- _Recorded information_:
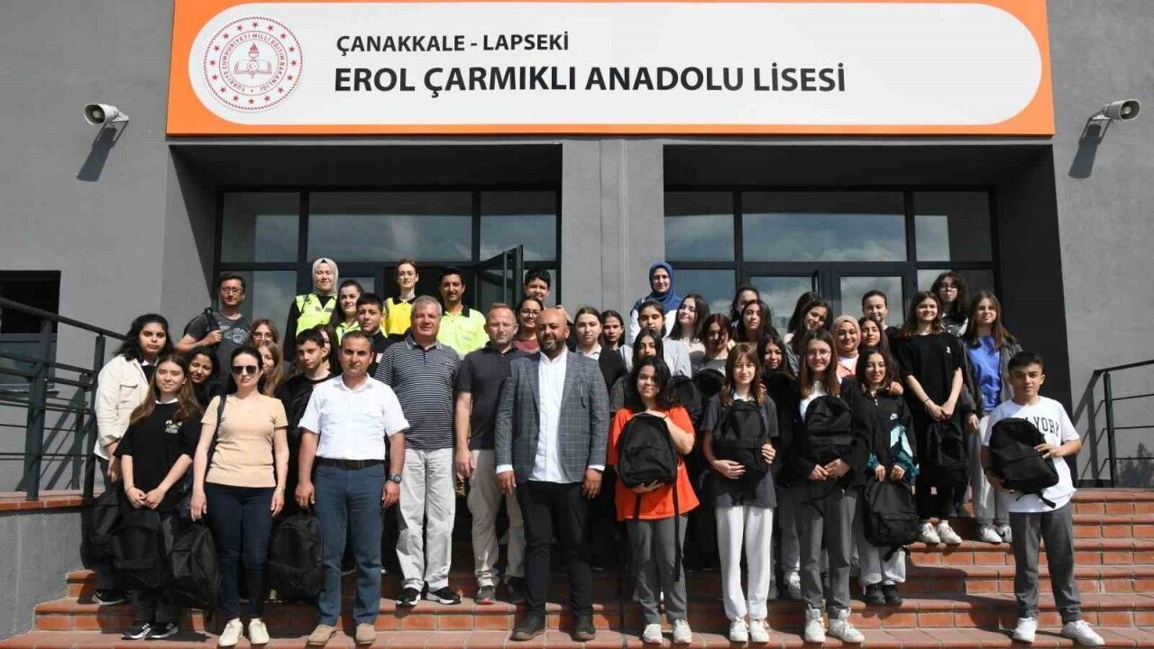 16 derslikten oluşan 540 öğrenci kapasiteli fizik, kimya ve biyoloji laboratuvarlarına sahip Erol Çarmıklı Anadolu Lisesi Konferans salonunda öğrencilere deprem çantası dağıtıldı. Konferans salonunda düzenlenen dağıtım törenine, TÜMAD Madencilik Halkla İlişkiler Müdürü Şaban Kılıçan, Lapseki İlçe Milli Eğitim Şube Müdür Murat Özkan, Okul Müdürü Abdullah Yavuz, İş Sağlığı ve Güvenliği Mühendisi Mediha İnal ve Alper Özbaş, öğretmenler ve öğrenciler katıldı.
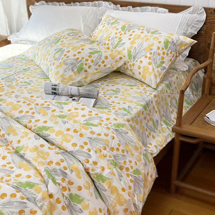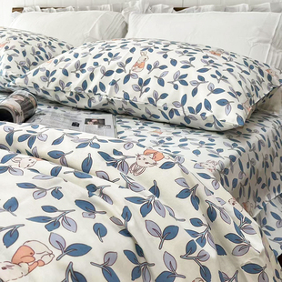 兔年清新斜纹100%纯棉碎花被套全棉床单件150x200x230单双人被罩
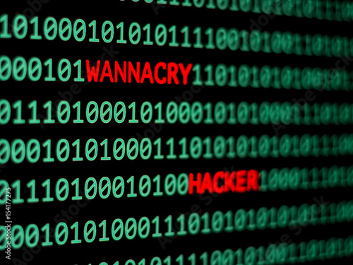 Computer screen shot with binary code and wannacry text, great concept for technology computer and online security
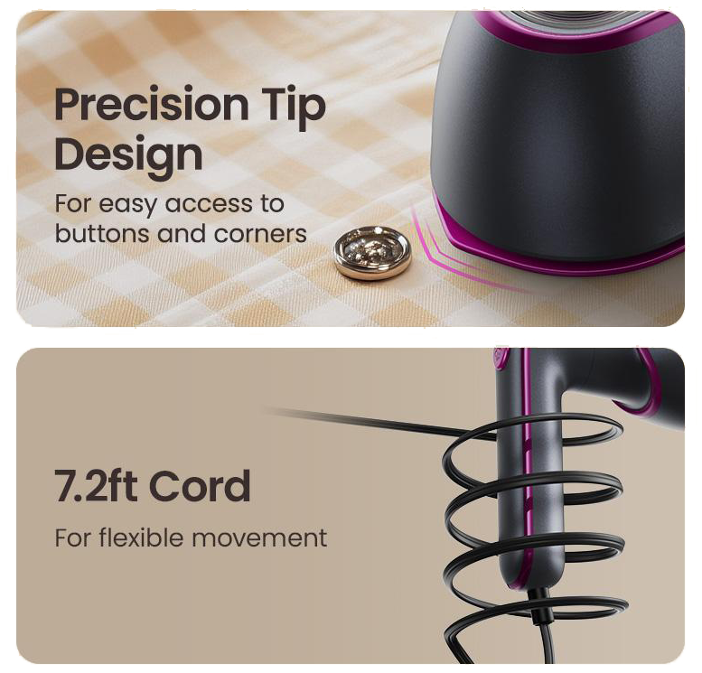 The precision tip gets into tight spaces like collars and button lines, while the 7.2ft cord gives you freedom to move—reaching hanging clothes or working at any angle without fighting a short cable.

- _Assignment_: For this exercise, output only the lines from the one bearing "Computer screen shot" to the end of the material above, exactly as written, with pictures left out.

- _Task result_:
 Computer screen shot with binary code and wannacry text, great concept for technology computer and online security
 The precision tip gets into tight spaces like collars and button lines, while the 7.2ft cord gives you freedom to move—reaching hanging clothes or working at any angle without fighting a short cable.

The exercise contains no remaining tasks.